Auch das bestätigt Mega zumindest teilweise im eigenen Blog. Zwar setze der Sharehoster Deduplizierung ein, allerdings werde sie erst nach der Verschlüsselung genutzt, etwa wenn ein Anwender dieselbe Datei zweimal hochlade. Dort heißt es auch, dass Dateien, die zwischen Ordnern und Benutzerkonten mit dem Mega-Dateimanager oder über das API kopiert würden, ebenfalls auf nur eine physisch vorhandene Datei hinwiesen.
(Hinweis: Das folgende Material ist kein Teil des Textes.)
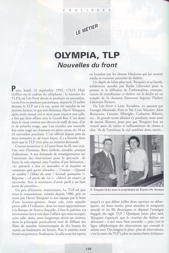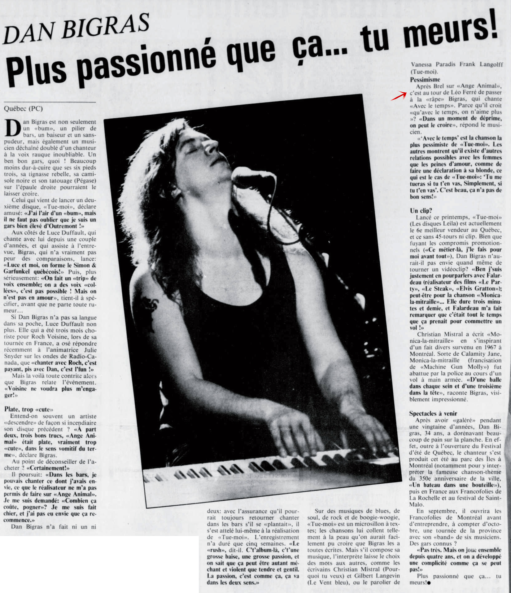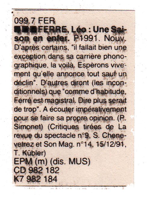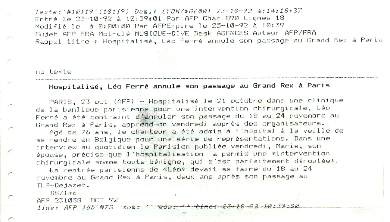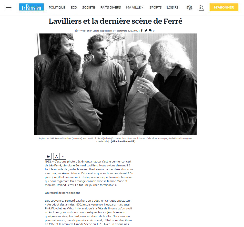 Léo et nous, c’est toute une histoire. Personnelle d’abord avec Le Flamenco de Paris, Le Bateau espagnol, Franco la muerte, Les Anarchistes… Puis professionnelle. En 1985, nous lui consacrions un premier dossier spécial dans Paroles et Musique (n° 51), photo de couverture signée Alain Marouani... Deux ans plus tard, en coédition Paroles et Musique/Seghers, nous sortions La Mémoire et le Temps, de Jacques Layani, très originale « biographie d’une œuvre » qui me valut plusieurs conversations téléphoniques nocturnes et, disons, pointues, avec Léo et Marie-Christine Ferré. À titre personnel, je garde notamment au cœur un dîner et une soirée (jusqu’à trois heures passées !) sur nos terres, en 1982, avec Léo et Marie-Christine, et… Jean Sommer (voir plus haut) qui avait fait spécialement le déplacement depuis Paris. J’entends encore Marie-Christine souffler, à juste titre, à Léo : « Demain, tu chantes à Caen, il est peut-être temps d’aller se coucher… » Mais Léo, pétant le feu, n’avait pas sommeil et ne se faisait pas prier pour pousser la chansonnette (quel souvenir !)… alors même qu’il avait donné ce soir-là un concert de plus de deux heures et demie !

Lediglich wenn zwei verschiedene Anwender die gleiche Datei hochlüden, könne aufgrund der Verschlüsselung keine Deduplizierung durchgeführt werden.

Einige Kritikpunkte an Mega haben sich also bei genauerer Betrachtung bestätigt, etwa die inkonsequente Umsetzung von Javascript-Funktionen bei der Erstellung eines Schlüssels und die mangelnde Sicherheit der Mega-Server. Dass Daten nach dem Verlust eines Passworts nicht mehr zugänglich sind, ist letztendlich aber der Vorteil einer Verschlüsselung. Möglicherweise finden Hacker, die Kim Dotcoms Einladung folgen, seine Server zu testen, weitere Schwachpunkte.  (jt)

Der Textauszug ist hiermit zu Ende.